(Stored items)
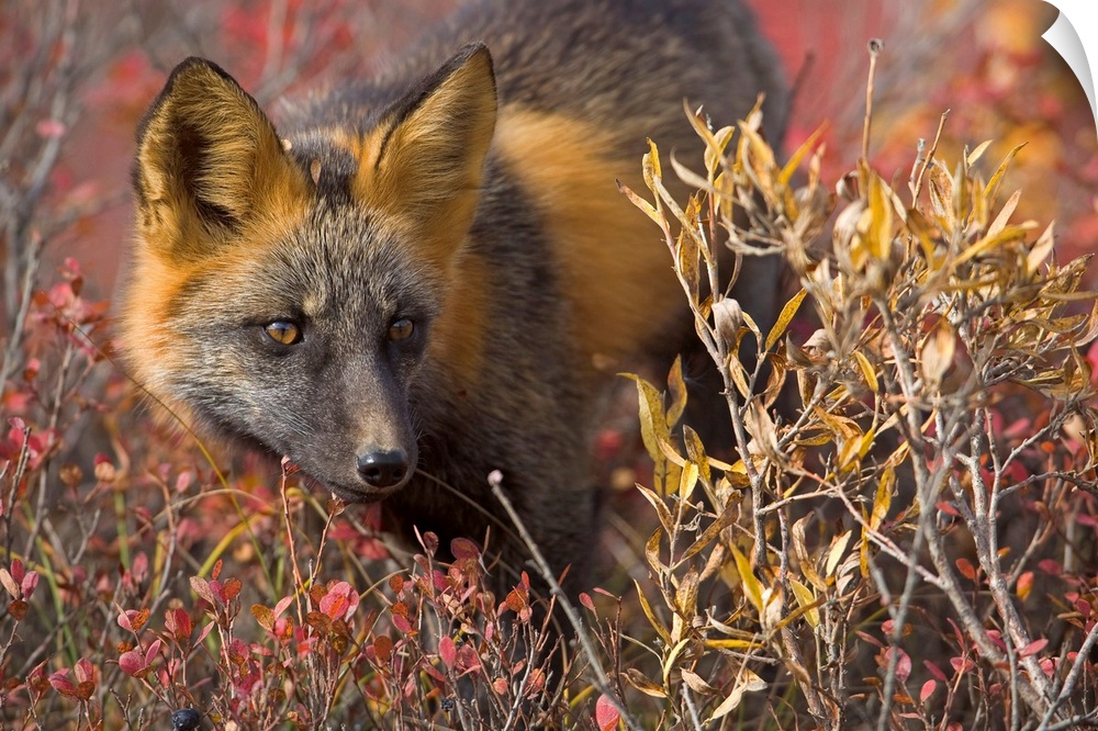 <p>Close up portrait of a cross fox peering through blueberry and willow shrubs in Denali National Park, Alaska, Interior, Fall</p>
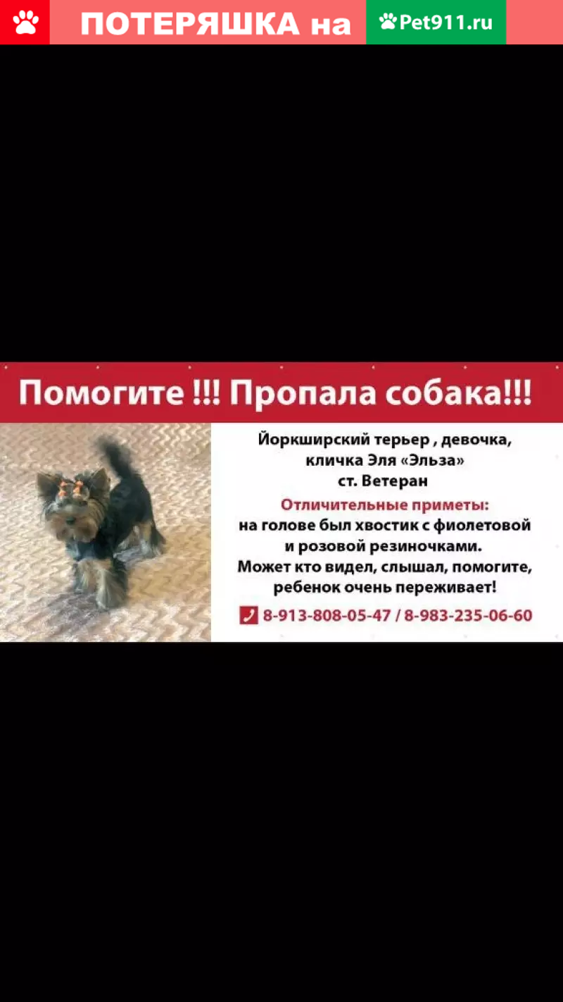 Пропала собака йоркширский терьер по кличке «...
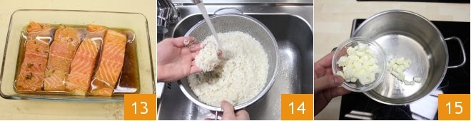 Déposez les tranches de saumon côte à côte dans la marinade 13 et placez-les au réfrigérateur pour mariner environ 30 minutes, couvertes de film plastique. Pendant ce temps, vous pouvez préparer le riz pilaf : mettez sur le feu une casserole avec beaucoup d'eau salée (qui servira à préparer le bouillon de légumes) et entre-temps, rincez plusieurs fois le riz sous l'eau froide courante pour qu'il perde son amidon 14. Dans une grande casserole, faites fondre le beurre coupé en morceaux 15
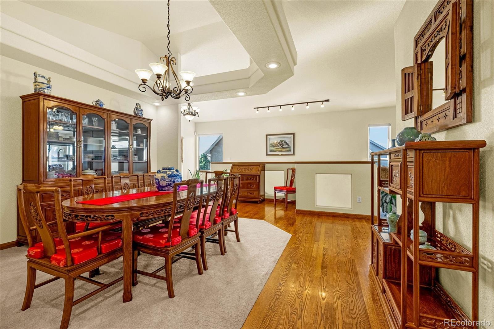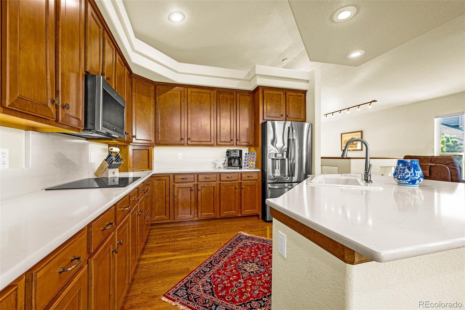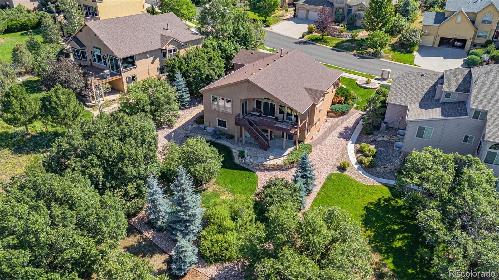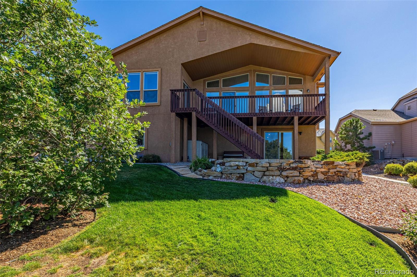 UNMATCHED Front Range views, refined finishes, and a seamless ranch-style layout — this home captures the very best of Colorado Springs living! This stunning home features unobstructed views of the entire Front Range, including the majestic Pikes Peak, from the covered composite deck. The views can also be enjoyed from the Kitchen, which features a large island with quartz countertops and backsplash, 42" maple cabinets with crown molding, touchless faucet, under-cabinet lighting, and a convenient appliance nook with outlets. Premium GE Profile appliances—including double ovens, induction cooktop and a 3-drawer refrigerator— will satisfy any home chef. The Main Level also offers real hardwood floors, gas fireplace, a stunning separate Dining Area, and vaulted ceilings to highlight those views. The primary suite is a true retreat, sharing the same dramatic Pikes Peak view, with separate deck access, a luxurious five-piece bath, and a massive walk-in closet with heated floors and custom closet system. The heated floors continue into through the Bath, Closet and into the mud room, which features a utility sink. The fully finished walkout basement extends the living space, offering its own stunning mountain views, abundant storage across three areas, and recessed lighting throughout. The secondary bedrooms are spacious, and the curb appeal is spectacular. A rare find, this home features exquisite touches throughout! Enjoy the home's elegance, functionality, and Mountain Contemporary style in one of the premier neighborhoods in Northgate- Middle Creek! Welcome Home.
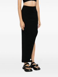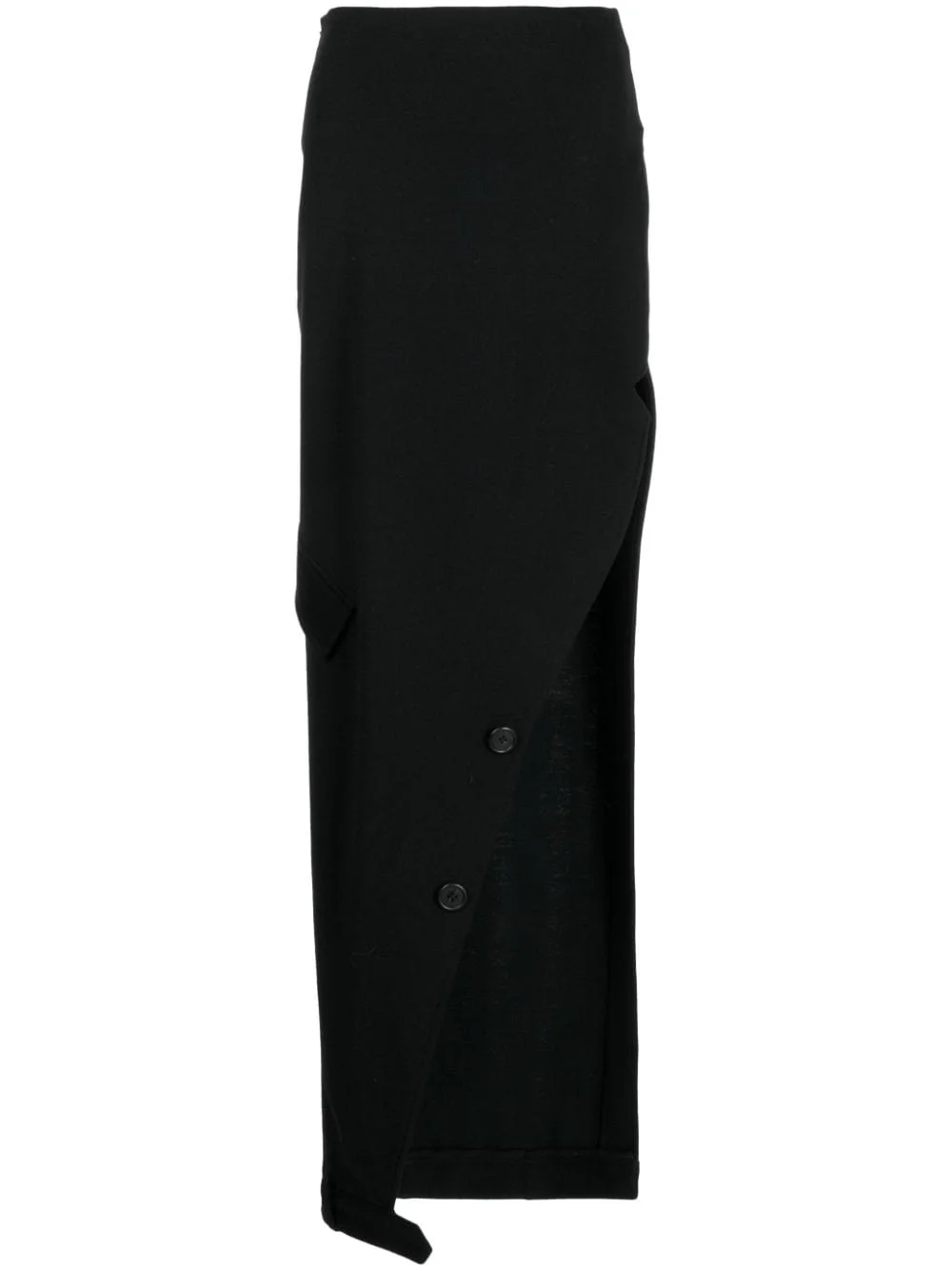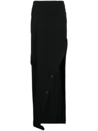 high-waisted cotton skirt Highlights - Black - Cotton - High waist - Side slit - Side zip fastening - Mid-length - Asymmetric hem Made in United States Composition Wool 50%, Polyester 50% SIZE & FIT Model measurements Height 5 ft 10 in(1.77 m) Bust/Chest 31.49 in(80 cm) Hips 35.43 in(90 cm) Waist 25.19 in(64 cm) FittingInformation This maxi-length skirt is intended to be worn high on the waist Made from a midweight fabric This piece fits true to size – take your usual size Washing instructions Dry Clean Only
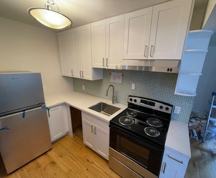 New Remodeled Kitchen with new quartz countertop, new white stylish cabinets, new stainless-steel appliances including refrigerator, electric range, range hood, dishwasher *not pictured, will be installed once apartment is vacant
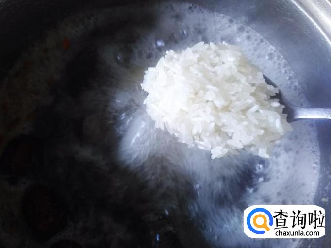 然后打开盖子把泡好的大米放进去,用勺子搅拌一下不给粘底。l
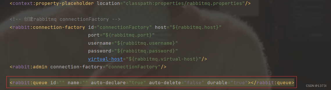 <rabbit:queue id="" name="" auto-declare="true" auto-delete="false" durable="true"></rabbit:queue>id 表示bean的名称
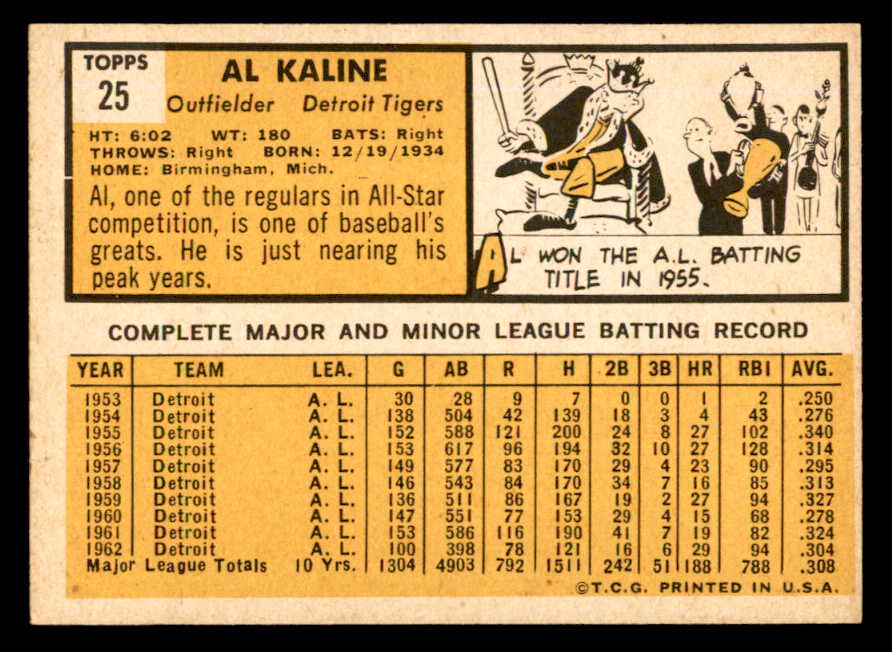 1963 Topps Baseball #025 Al Kaline Tigers EX+/EX-MT 540610
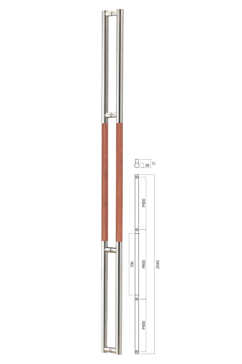 규격 : Ø38 / 2040*2000(센터) (600*800*600) 스테인리스 폴리싱+체리색 우드 주문제작 가능
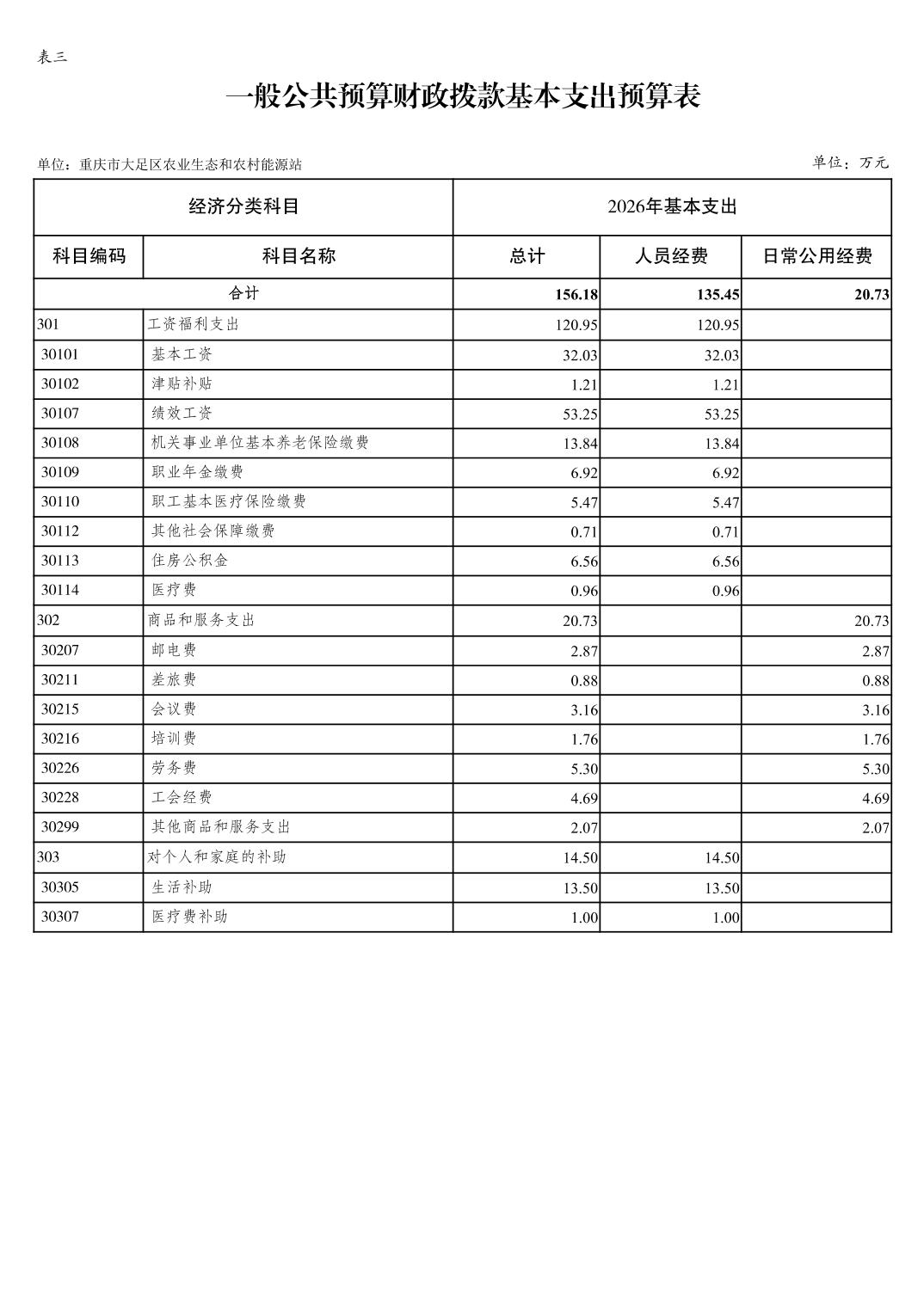 重庆市大足区农业生态和农村能源站2026年部门预算情况说明
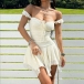 Boho Mini Dress - Ruched Jacquard Lace with Ruffle Hem & Tie Front
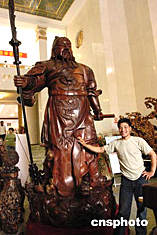 六月在北京民族文化宮舉辦的首屆中國(guó)民間工藝品博覽會(huì)上,一尊大型紫花梨木雕像“九龍關(guān)公”令人嘆為觀止。該雕像高三點(diǎn)二米,加上佩刀總高三點(diǎn)六六米,重三噸,是用四點(diǎn)二米高的梨木制成。該雕像作品由沈陽(yáng)根雕藝術(shù)家劉家鵬、趙維強(qiáng)(圖)和劉自豪歷經(jīng)三年制作而成。中新社記者:鄒憲

:: Your task ::
Give again, please, precisely the lines that begin the records and run through the line with "Déposez les tranches" in it, keeping both end lines and dropping any pictures.

:: Answer section ::
 <p>Close up portrait of a cross fox peering through blueberry and willow shrubs in Denali National Park, Alaska, Interior, Fall</p>
 Пропала собака йоркширский терьер по кличке «...
 Déposez les tranches de saumon côte à côte dans la marinade 13 et placez-les au réfrigérateur pour mariner environ 30 minutes, couvertes de film plastique. Pendant ce temps, vous pouvez préparer le riz pilaf : mettez sur le feu une casserole avec beaucoup d'eau salée (qui servira à préparer le bouillon de légumes) et entre-temps, rincez plusieurs fois le riz sous l'eau froide courante pour qu'il perde son amidon 14. Dans une grande casserole, faites fondre le beurre coupé en morceaux 15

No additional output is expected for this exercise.